Experience tells me there are four types of PR firm Boards, only one of which is effective.

Partly this is evolutionary – what may have worked for your business when it was small or predominantly lifestyle, no longer works as the firm becomes larger and more complex, and seeks more challenging growth opportunities.

The first, and most common type of poorly-functioning Board, is the Echo Chamber.

This is where the most senior individuals in the business are in thrall to the CEO (who probably runs the business as a sort of mates’ club), to the extent that the boss is never seriously challenged; discussion is driven by CEO whim-du-jour; and Boards simply become an echo-chamber of the boss’s views.

I think there are two routes to this sorry state of affairs. Either the Directors are signed-up members of the CEO-as-hero society, which believes that great businesses are created and sustained by a single, incredible individual. Or the company has been created by a charismatic Founder, who fails to evolve as the business develops, and instead moulds Board membership to cement their position as Master of all they survey.

Either way, these businesses are doomed. CEO-as-hero has been thoroughly debunked and these organisations can look forward to quietly floundering as the marketplace evolves beyond the CEO’s ability to cope. Founder-worshiping businesses will decline, as whatever talented people they have hired leave, when they realise the limitations imposed by the boss mean they will never be able to advance, unless they sign up as acolytes.

The Student Debating Society

Did you see the coverage of Amazon’s requirement for six-page memos to be produced and read through, before meetings? They have to be narrative, not PowerPoint, a great deal of hard work has to go into them, a reading room is set aside so that the documents can be read through properly. It’s this thought and preparation that helps make for great meetings, there.

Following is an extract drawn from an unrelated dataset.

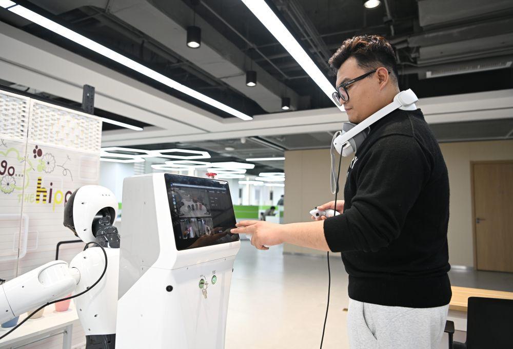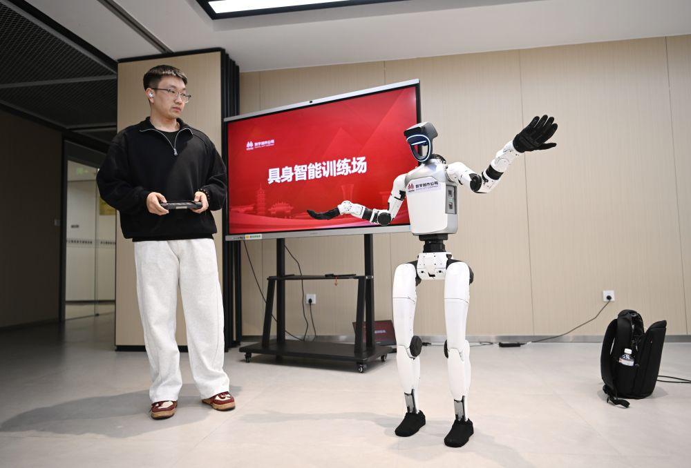 ↑3月17日,在中国雄安集团数字城市科技有限公司具身智能训练场,工作人员对机器人进行调试。

However, too many PR Boards operate at the other end of the spectrum – little preparation; few papers distributed beforehand; Board members turning up with no real thought as to what issues should be discussed and what needs to be challenged.

Now the odd thing is, these meetings often feel great. Highly spontaneous; lots of thinking-on-your-feet; making decisions quickly; bags of creativity and enthusiasm! Who needs boring preparation when flying by the seat of your pants is so much more exciting!

Trouble is, it’s never been harder to run a PR business. Clients are taking more work in house; they are more demanding; the marketplace is evolving at pace; and a class of highly professional firms is quietly taking the lion’s share of the profits that are out there.

The need for well-prepared, thoughtful and challenging Boards has never been greater. So, student debating societies – must try harder.

Mechanical

A sure sign of problems are those smaller PR firms that have Director-itis. Businesses making less than even a million in profit, but have at least four of the following:

• Strategy Director;
• Marketing Director;
• Business Development Director;
• Client Services Director;
• Creative Director;
• HR Director;
• Design Director;
• IT Director;
• Digital Engagement Director;
• And on and on.

These are businesses that mistake correlation and causation. They have the trappings of large, successful firms, without realising that these are not just unnecessary for smaller firms, they actually get in the way.

In similar vein, I come across Boards that go through the motions – Board papers of incredible depth and complexity; lengthy agendas; minutes, etc – but that miss the big picture; that allow the Board agenda to become a straight-jacket on thinking; where what the CEO thinks is paramount. These Boards need a dose of reality and external insight, to help them break out of the trap that’s of their own making.

The “Gritty” Board

This works: Hard numbers. Budgets. Accountability and consequences. Preparation, analysis, and careful thought. Disagreement and challenge; no pulling punches. Pre-mortems. The slaying of sacred cows. Decision-making processes. Real-world input.

These elements may be uncomfortable to experience but they are the ingredients of effective Board meetings, as they put good minds to work on important issues, fueling them with information.

But this type of meeting – which feels “gritty” given the degree of challenge and debate – is not for everyone. In the hands of the inexperienced or the insecure, these meetings are powerfully destructive, as challenges are taken as personal slights which bruise the ego (and never forget how brittle confidence can be, and there’s nothing that dents confidence faster than having your colleagues laying in – logically, unemotionally, politely – to your latest clever idea).

So it’s worth reflecting on which type of Board yours most closely represents. And bit by bit you need to replace it with one where talented individuals, having prepared properly, are prepared to speak their minds, so that the Board functions as a proper sparring partner, to knock ideas into better shape.

As always, there’s much to do and time is short, so good luck and get cracking.